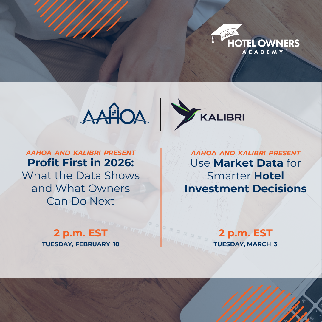 AAHOA and Kalibri are hosting two virtual sessions with Jennifer Hill, SVP of Commercial Strategy at Kalibri, exploring hotel performance trends and market data.
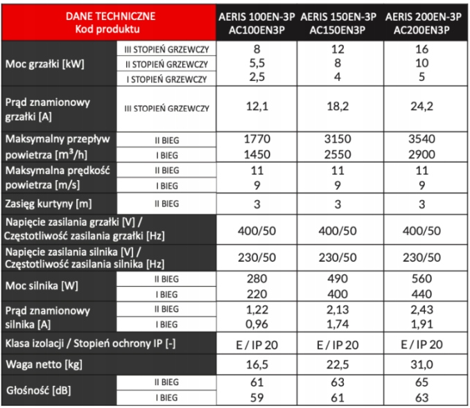 ЕЛЕКТРИЧНА ПОВІТРЯНА ЗАВІСА AERIS 100EN-3P 400v
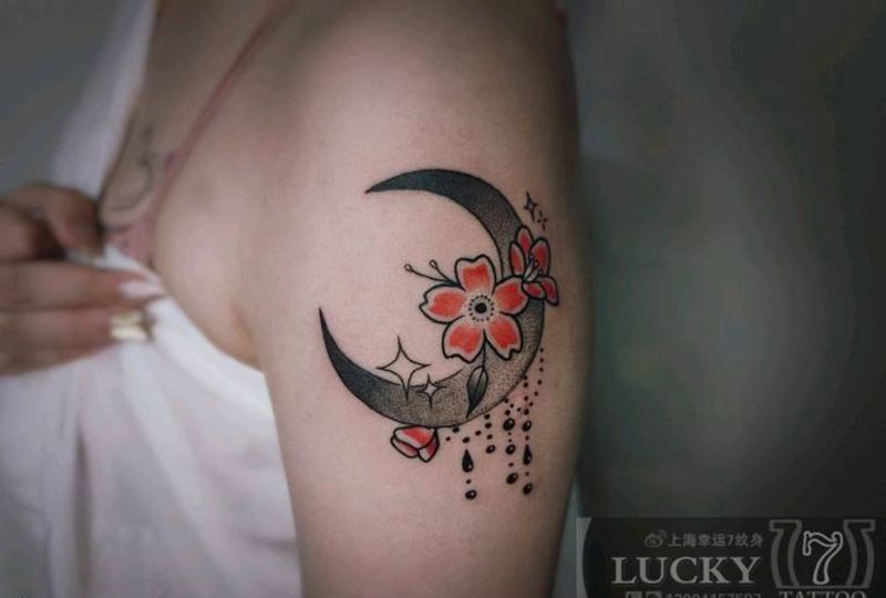 月亮|樱花|幸运7纹身纹身图片_手臂点刺纹身图案
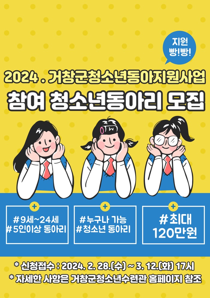 [½Ã»çÄÚ¸®¾ÆÀú³Î=Á¤Á¾¹Î ¼±ÀÓ±âÀÚ] °ÅⱺÀº ÀÚ¹ßÀûÀ̰í ÁÖüÀûÀΠû¼Ò³âµ¿¾Æ¸® Ȱµ¿ Ȱ¼ºÈ¿Í ´Ù¾çÇÑ Àç´É°è¹ß ¹× Áø·Î Ž»ö ±âȸ¸¦ Á¦°øÇϱâ À§ÇØ 28ÀϺÎÅÍ 3¿ù 12ÀϱîÁö ‘2024³â °Åⱺ û¼Ò³âµ¿¾Æ¸®È°µ¿ Áö¿ø»ç¾÷’ ¿¡ Âü¿© ÇÒ Ã»¼Ò³â µ¿¾Æ¸®¸¦ ¸ðÁýÇÑ´Ù.
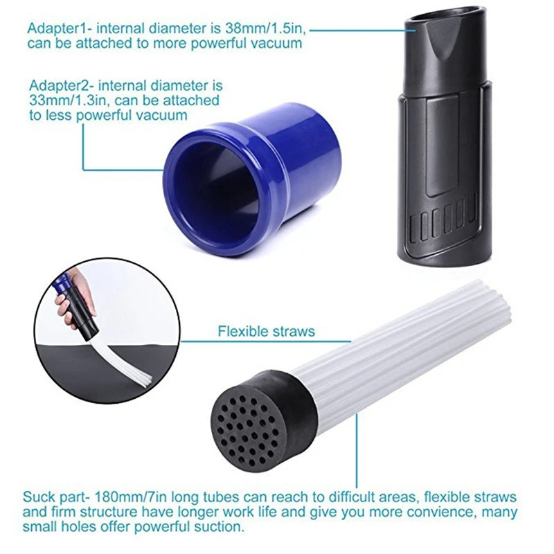 Он также поставляется с универсальным адаптером, чтобы он мог подключаться к любому вакууму. Десятки гибких, крошечных всасывающих трубок, которые могут идти практически в любом месте от пыли. Пыль вокруг крошечных предметов, не снимая их в первую очередь. Сочетает в себе лучшее из пыли и вакуума. Идеально подходит для очистки хрупких предметов! Избавьтесь от пыли, до которой Вы не могли добраться, отлично подходит для вентиляционных отверстий, клавиатуры, ящиков, жалюзи, мебели, автомобилей и многого другого. Это лучший инструмент для очистки.
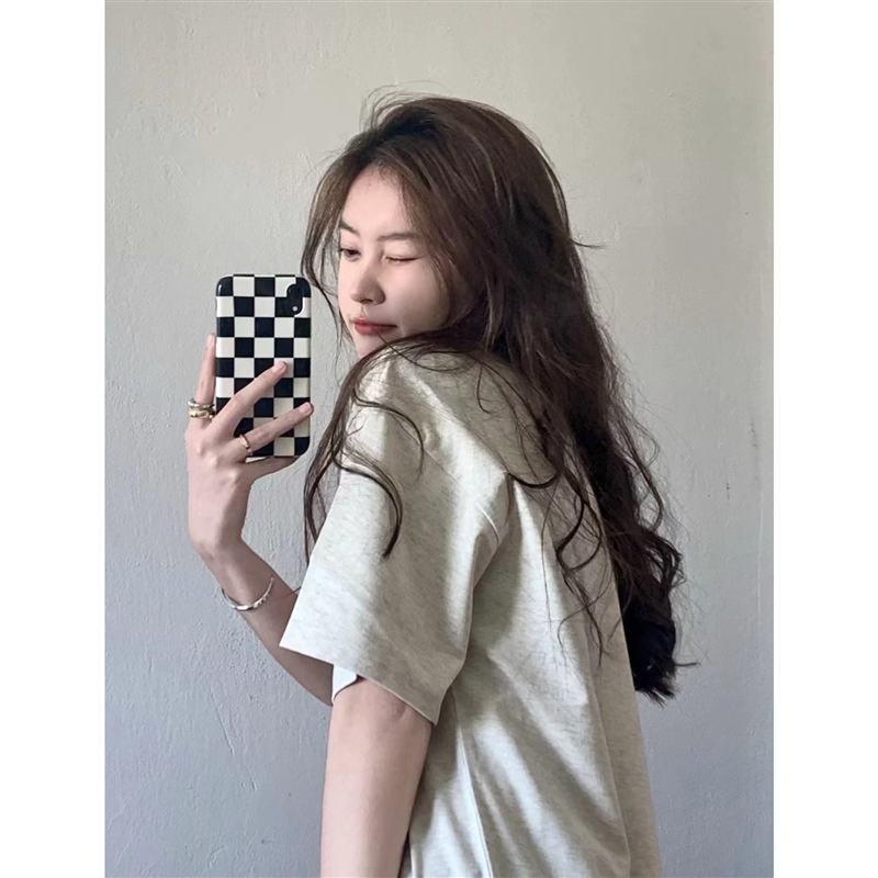后背开叉小心机韩版中长款纯棉短袖大T恤女新款小众设计感

================================

YOUR TASK →
Retype exactly the lines above, starting at the line containing "¼±ÀÓ±âÀÚ] °ÅⱺÀº ÀÚ¹ßÀûÀ̰í" and ending with the last line, both included; leave out the pictures.

SOLUTION FOR THIS EXERCISE →
 [½Ã»çÄÚ¸®¾ÆÀú³Î=Á¤Á¾¹Î ¼±ÀÓ±âÀÚ] °ÅⱺÀº ÀÚ¹ßÀûÀ̰í ÁÖüÀûÀΠû¼Ò³âµ¿¾Æ¸® Ȱµ¿ Ȱ¼ºÈ¿Í ´Ù¾çÇÑ Àç´É°è¹ß ¹× Áø·Î Ž»ö ±âȸ¸¦ Á¦°øÇϱâ À§ÇØ 28ÀϺÎÅÍ 3¿ù 12ÀϱîÁö ‘2024³â °Åⱺ û¼Ò³âµ¿¾Æ¸®È°µ¿ Áö¿ø»ç¾÷’ ¿¡ Âü¿© ÇÒ Ã»¼Ò³â µ¿¾Æ¸®¸¦ ¸ðÁýÇÑ´Ù.
 Он также поставляется с универсальным адаптером, чтобы он мог подключаться к любому вакууму. Десятки гибких, крошечных всасывающих трубок, которые могут идти практически в любом месте от пыли. Пыль вокруг крошечных предметов, не снимая их в первую очередь. Сочетает в себе лучшее из пыли и вакуума. Идеально подходит для очистки хрупких предметов! Избавьтесь от пыли, до которой Вы не могли добраться, отлично подходит для вентиляционных отверстий, клавиатуры, ящиков, жалюзи, мебели, автомобилей и многого другого. Это лучший инструмент для очистки.
后背开叉小心机韩版中长款纯棉短袖大T恤女新款小众设计感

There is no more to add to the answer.